=== Exercise aim ===
Word for word, copy the line that contains "Based on an" and each line after it in the data below. Pictures stay out of the copy.

=== Dataset extract ===
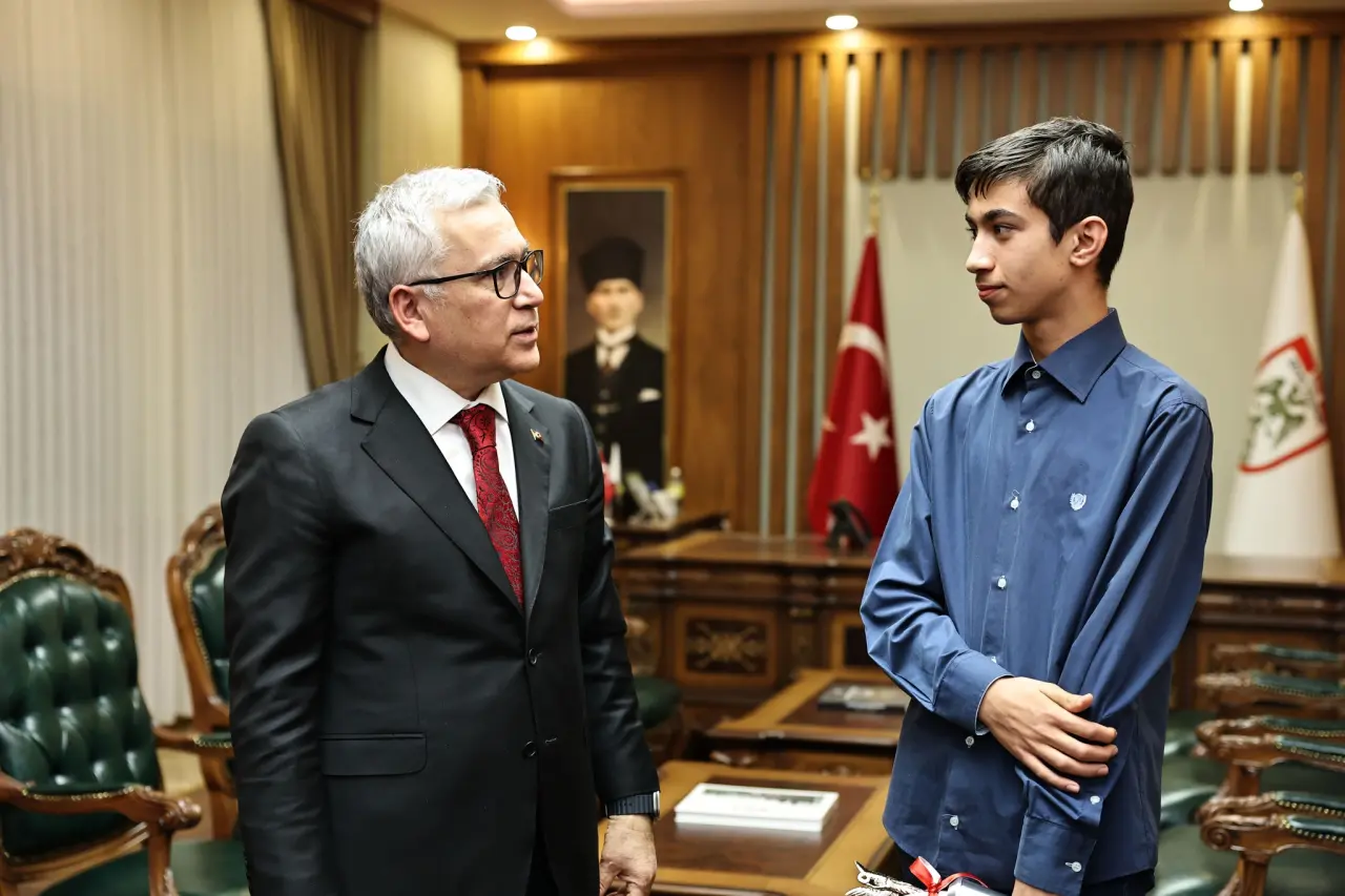 Türkiye’yi başarıyla temsil eden Arda Uzun ve öğretmeni Serkan Ayyıldız, elde ettikleri bu önemli derecenin ardından Vali Yılmaz Şimşek’i makamında ziyaret etti. Ziyarette yarışma süreci hakkında bilgi veren Uzun ve Ayyıldız, verilen destekler için teşekkürlerini iletti.
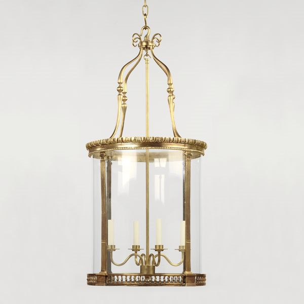 Based on an 18th century English antique, this handcrafted lantern features curved glass sides, and is framed by classical columns. The ribbed decoration is typical of late Georgian design.
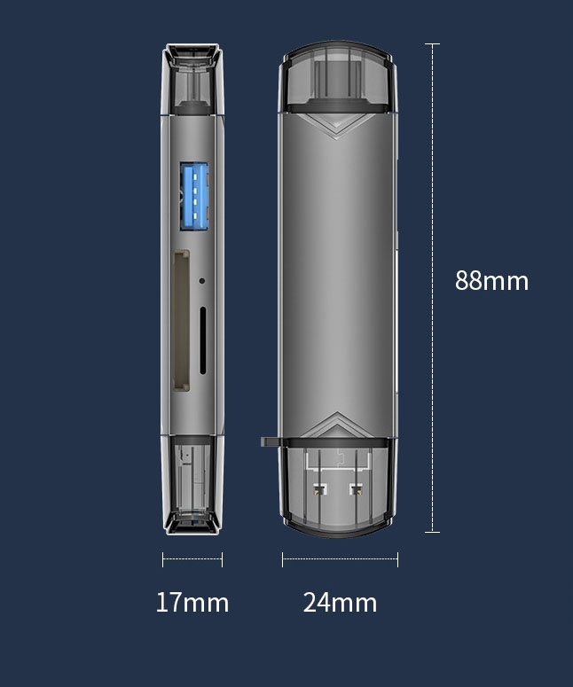✨ usb3.0 зчитувач карт із портом USB, Micro-USB-портом та типом C порт, завдяки якому зчитувач картки сумісний з таблетками та смартфонами, які підтримують функцію OTG.

=== Problem solution ===
 Based on an 18th century English antique, this handcrafted lantern features curved glass sides, and is framed by classical columns. The ribbed decoration is typical of late Georgian design.
✨ usb3.0 зчитувач карт із портом USB, Micro-USB-портом та типом C порт, завдяки якому зчитувач картки сумісний з таблетками та смартфонами, які підтримують функцію OTG.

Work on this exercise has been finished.